■ Task
From top to bottom, write out the listing exactly and skip every picture.

---------- Dataset content

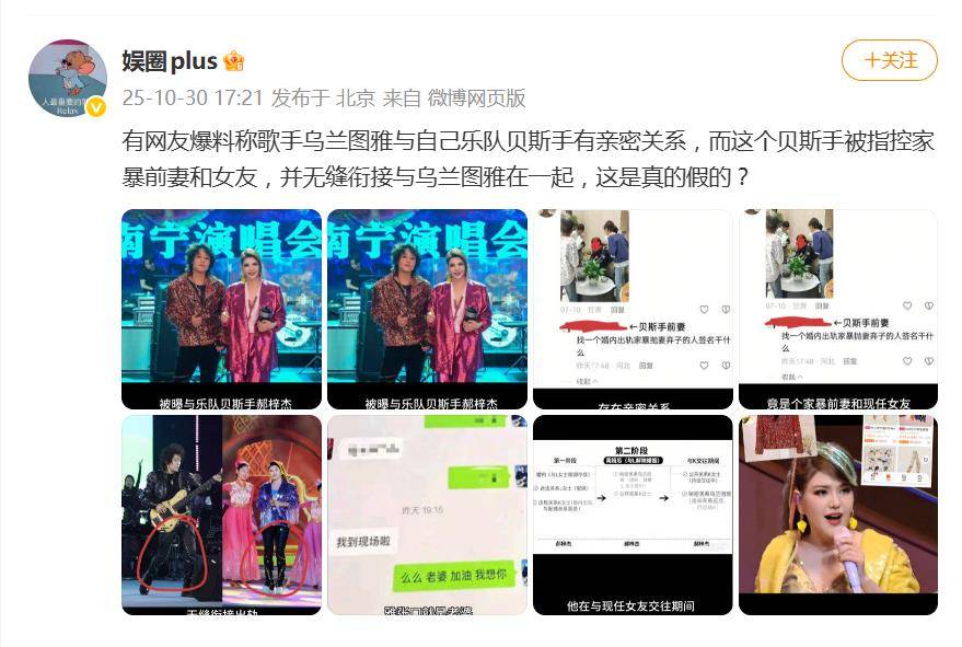 10月30日,网络上一则关于歌手乌兰图雅与自家乐队贝斯手存在亲密关系的爆料,瞬间点燃了吃瓜群众的热情。更劲爆的是,这位名叫郝梓杰的贝斯手被指控曾家暴前妻和女友,并被指无缝
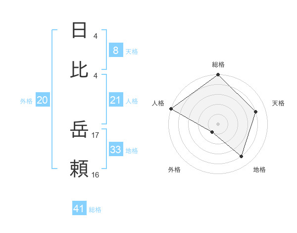 日比 岳頼さんの総格は41画の5点!
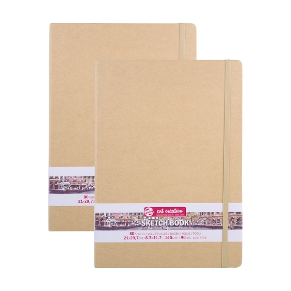 Talens Art Creation sketchbooks are sturdy, hard-bound sketchbooks perfect for drawing, journaling, urban sketching, field studies and more! Ideal for use with pencil, pastel, acrylics, gouache, ink, charcoal, and light washes of wet media. They contain 80 pages of off-white, acid-free, 140 g/mSqrd paper and are available in a variety of sizes and colors, so you can find the perfect sketchbook for your needs. Sold as a pack of 2.
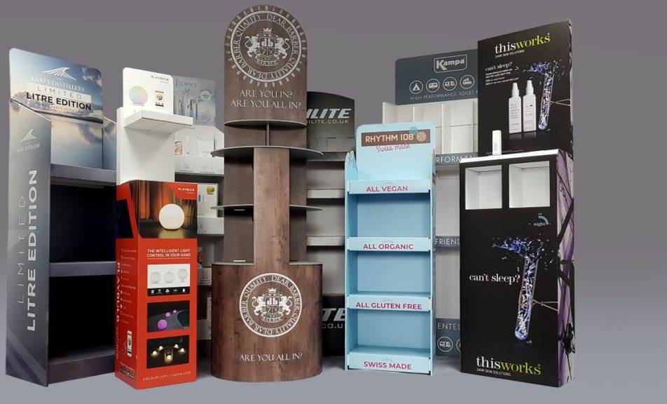 Comprehensive Retail & Promotional Display Solutions — Featuring Free-standing Units, POS Displays, Gondola Branding, Product Counters, Wall Murals, Vinyl Wraps, and Custom Branded Gifts.
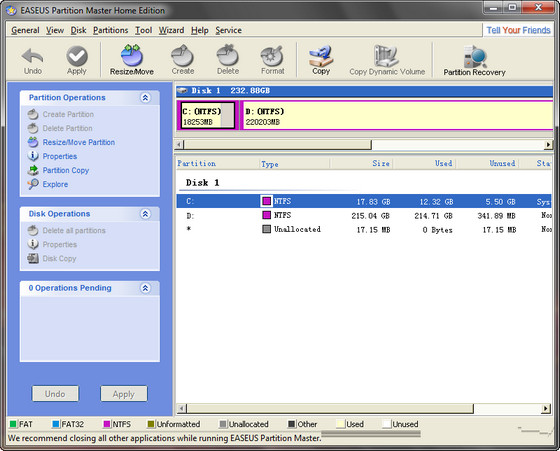 EASEUS Partition Master — удобная программа для разбиения жёсткого диска на разделы, которая не только упростит рутинные задачи, но и поможет вам редактировать разделы диска и управлять ими. А именно — быстро и с лёгкостью создавать, удалять и форматировать разделы, изменяя их размер и расположение без потери данных, с использованием свободного места на диске. С помощью этой программы, вы можете создавать, удалять, форматировать разделы на вашем жестком диске быстро и просто. К наиболее привлекательной функции относится способность изменения размера/перемещение ваших разделов, используя свободное место, без удаления данных.
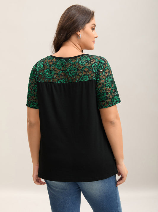 • Lace Neck Sequins Color Contrast T-Shirt

--------------------

■ Written solution
 10月30日,网络上一则关于歌手乌兰图雅与自家乐队贝斯手存在亲密关系的爆料,瞬间点燃了吃瓜群众的热情。更劲爆的是,这位名叫郝梓杰的贝斯手被指控曾家暴前妻和女友,并被指无缝
 日比 岳頼さんの総格は41画の5点!
 Talens Art Creation sketchbooks are sturdy, hard-bound sketchbooks perfect for drawing, journaling, urban sketching, field studies and more! Ideal for use with pencil, pastel, acrylics, gouache, ink, charcoal, and light washes of wet media. They contain 80 pages of off-white, acid-free, 140 g/mSqrd paper and are available in a variety of sizes and colors, so you can find the perfect sketchbook for your needs. Sold as a pack of 2.
 Comprehensive Retail & Promotional Display Solutions — Featuring Free-standing Units, POS Displays, Gondola Branding, Product Counters, Wall Murals, Vinyl Wraps, and Custom Branded Gifts.
 EASEUS Partition Master — удобная программа для разбиения жёсткого диска на разделы, которая не только упростит рутинные задачи, но и поможет вам редактировать разделы диска и управлять ими. А именно — быстро и с лёгкостью создавать, удалять и форматировать разделы, изменяя их размер и расположение без потери данных, с использованием свободного места на диске. С помощью этой программы, вы можете создавать, удалять, форматировать разделы на вашем жестком диске быстро и просто. К наиболее привлекательной функции относится способность изменения размера/перемещение ваших разделов, используя свободное место, без удаления данных.
 • Lace Neck Sequins Color Contrast T-Shirt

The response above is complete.